▶ **Exercise instructions**
Your job is to return every line in the data holding the string "baobab".
Records shown Block Start
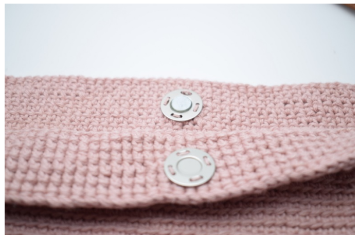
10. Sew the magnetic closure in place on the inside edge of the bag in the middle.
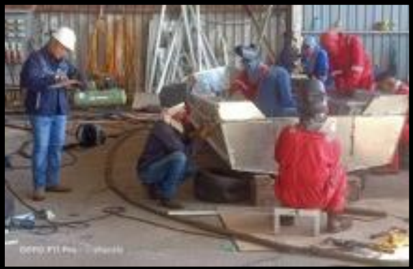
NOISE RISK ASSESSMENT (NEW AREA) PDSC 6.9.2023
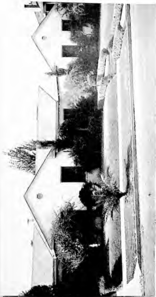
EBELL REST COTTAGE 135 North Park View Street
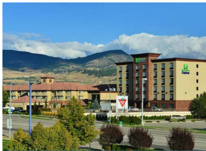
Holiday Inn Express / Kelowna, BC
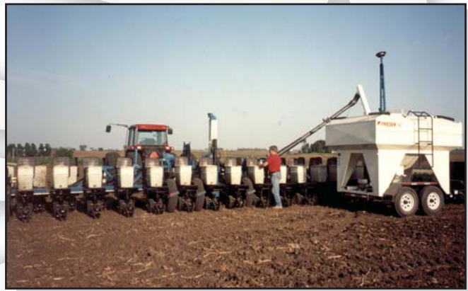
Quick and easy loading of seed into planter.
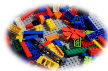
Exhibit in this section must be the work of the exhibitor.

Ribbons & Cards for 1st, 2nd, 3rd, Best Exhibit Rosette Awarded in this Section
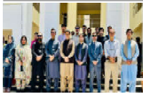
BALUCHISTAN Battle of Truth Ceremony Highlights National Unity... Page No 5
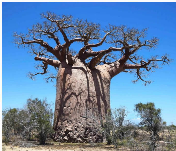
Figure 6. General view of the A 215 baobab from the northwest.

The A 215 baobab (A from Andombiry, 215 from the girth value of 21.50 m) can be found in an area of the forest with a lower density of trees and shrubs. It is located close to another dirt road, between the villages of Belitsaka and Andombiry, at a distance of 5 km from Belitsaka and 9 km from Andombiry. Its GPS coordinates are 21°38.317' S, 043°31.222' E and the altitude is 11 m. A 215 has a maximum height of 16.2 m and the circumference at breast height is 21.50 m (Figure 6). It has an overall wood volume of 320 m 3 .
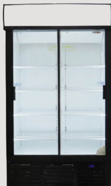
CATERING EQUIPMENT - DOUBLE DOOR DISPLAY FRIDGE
Records shown Block End
▶ **Written reply**
Figure 6. General view of the A 215 baobab from the northwest.
The A 215 baobab (A from Andombiry, 215 from the girth value of 21.50 m) can be found in an area of the forest with a lower density of trees and shrubs. It is located close to another dirt road, between the villages of Belitsaka and Andombiry, at a distance of 5 km from Belitsaka and 9 km from Andombiry. Its GPS coordinates are 21°38.317' S, 043°31.222' E and the altitude is 11 m. A 215 has a maximum height of 16.2 m and the circumference at breast height is 21.50 m (Figure 6). It has an overall wood volume of 320 m 3 .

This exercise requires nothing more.